É uma questão que se discute há muito tempo. É preciso discuti-la com as pessoas que vivem na Fonte da Telha. Mas o que é certo é que aquilo não pode ser um núcleo turístico. Não pode ser um sítio onde nasçam hotéis porque aquela é uma paisagem protegida e temos que mantê-la assim. Nesse nível nada foi resolvido.

 

É incompreensível que o prolongamento do metro não esteja nas candidaturas ao PRR

Ao nível da mobilidade como avalia o último mandato?

Nesse nível não creio que se tenha avançado muito. Grande parte da obra desta Câmara são rotundas e o que eles consideram ser melhorias ao nível do tráfego rodoviário. Há duas ou três rotundas que não vou negar que faziam falta, mas isso não pode ser a política de uma Câmara.

 

Que medidas defende o Bloco de Esquerda neste sector?

Temos que investir em transporte coletivo até devido à questão ambiental. Não aguentamos estes níveis de poluição e temos compromissos a cumprir. Temos que pensar como melhoramos a qualidade de vida das pessoas, ao mesmo tempo que protegemos o ambiente. É absolutamente essencial investir na mobilidade suave, nas ciclovias. E nesse aspeto pouca coisa foi feita. Nós insistimos muito no Flexibus, mas é evidente que houve aí um desinvestimento.

 

Como analisa o papel da WeMob?

Houve um aumento brutal de capital na Ecalma —agora chamada de WeMob— para a transformar numa coisa que não percebemos o que é. É uma empresa que devia ter como objetivo promover a mobilidade. Do nosso ponto de vista, poderia ter redes de bicicletas partilhadas, podia construir parques de estacionamento gratuitos nas proximidades dos transportes públicos para impedir que haja mais carros a circular.
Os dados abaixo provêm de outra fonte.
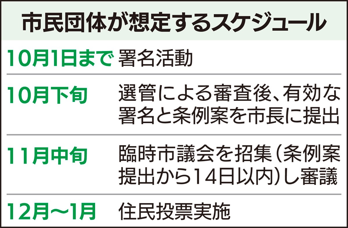 集まった署名は選管が審査し、有効なものが基準を超えれば条例案とともに市長に提出。臨時市議会で審議が行われる予定だ。同会では「早ければ今年12月から来年1月にも住民投票が実施できるのでは」とする。
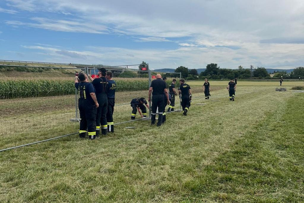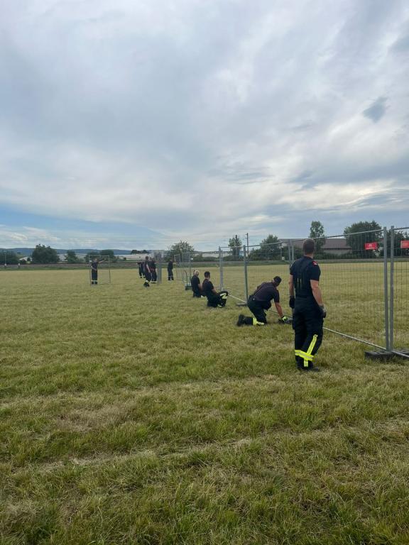 59 Feuerwehrkameraden*innen warb mit 11 Fahrzeugen im FSZ und errichteten die Umzäunung für das Gelände der Leistungsschau.
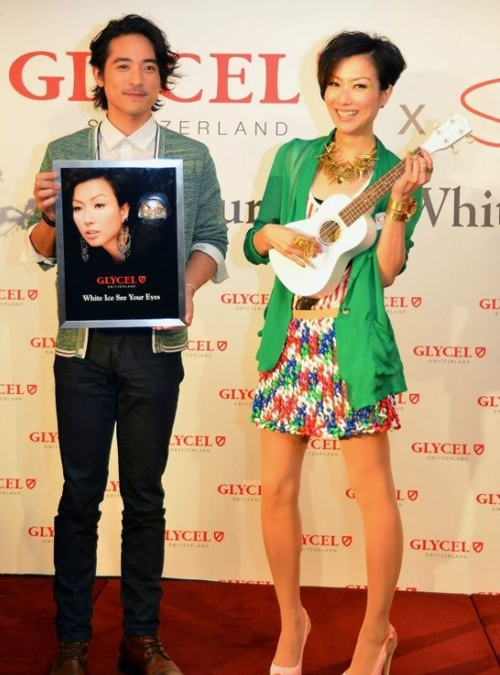 Good friends, Natalie Tong (唐詩詠) and Kenneth Ma (馬國明), wore matching yellows and smiles over their recent love rumors. Natalie looks feminine in a Patrizia Pepe dress from the Spring 2013 collection. The pale platform heels look thicker than her calves. The most impressive piece of the ensemble is hidden from view, as the magic undergarments Natalie wore left an eye-popping impression.
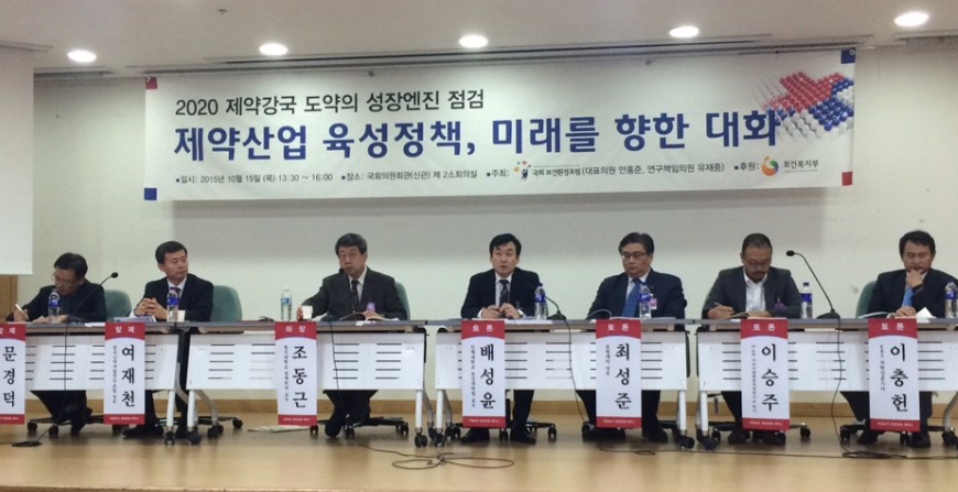 15일 열린 국회 보건․환경포럼(대표의원 안홍준, 연구책임의원 유재중)이 주최한 국회 세미나'2020 제약강국 도약의 성장엔진 점검 - 제약산업 육성정책, 미래를 향한 대화'포럼에서 국내 제약산업의 글로벌화를 위한 정부·학계·산업계 전문가들의 다양한 제언이 쏟아졌다.
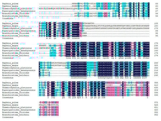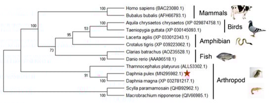 - Wu, D.; Liu, Z.; Cai, M.; Jiao, Y.; Li, Y.; Chen, Q.; Zhao, Y. Molecular characterisation of cytochrome P450 enzymes in waterflea (Daphnia pulex) and their expression regulation by polystyrene nanoplastics. Aquat. Toxicol. 2019, 217, 105350. [Google Scholar] [CrossRef] [PubMed]
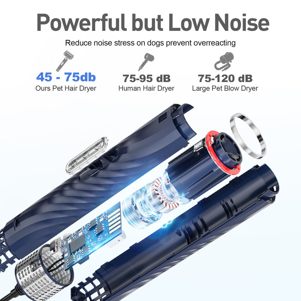 Dry your furry friend quickly and comfortably with this Portable Pet Hair Dryer, built for efficient home grooming. Featuring three adjustable temperature settings and a 360° rotatable wind head, it lets you control airflow direction and intensity to suit your pet’s needs. The four interchangeable nozzles help target different coat types—from quick drying to deep fluffing—making it ideal for cats and dogs of all sizes. Compact, quiet, and easy to handle, this dryer ensures a stress-free grooming experience.

Podia ter criado uma rede de Flexibus que chegasse a outras freguesias.

 

Em Almada há um problema estrutural ao nível do estacionamento porque os passeios estão ocupados com carros. Como é que isso se soluciona?

Em primeiro lugar, temos que precisar menos do carro. Isso é essencial. Retirar carros da cidade. Fazer com que as pessoas precisem menos do carro, utilizando mais os transportes públicos ou meios alternativos. Mas para isso é preciso criar condições. Aí a Câmara não tem todas as culpas. Acho incompreensível que o prolongamento do metro não esteja nas candidaturas ao PRR, porque analisando o histórico de investimento na margem sul, significa que não vai haver prolongamento do metro.

 

Ao nível do transporte rodoviário, a TST vai manter a operação no concelho de Almada.

Vai manter-se mas com outro contrato. Não era a nossa opção. Independentemente do desenho das linhas. Vejamos: o novo concurso foi lançado, a TST ganhou, foi fechado o contrato e nem os vereadores nem os deputados municipais nem a população conheciam as linhas que tinham sido adjudicadas. Agora essa informação foi divulgada pela presidente no Facebook como um ato de campanha. Não sabemos se é um anúncio da presidente ou da candidata. Mas é algo que andamos a pedir desde o início do mandato. Esta não é a maneira de se discutir os transportes públicos, que é uma matéria estrutural. Acho que a desconfiança que a população tem em relação ao operador [a TST] é legítima. Foram demasiadas vezes incompetentes, desonestos e abusivos na relação que tinham com a população de Almada.

 

Defendem a municipalização do transporte rodoviário?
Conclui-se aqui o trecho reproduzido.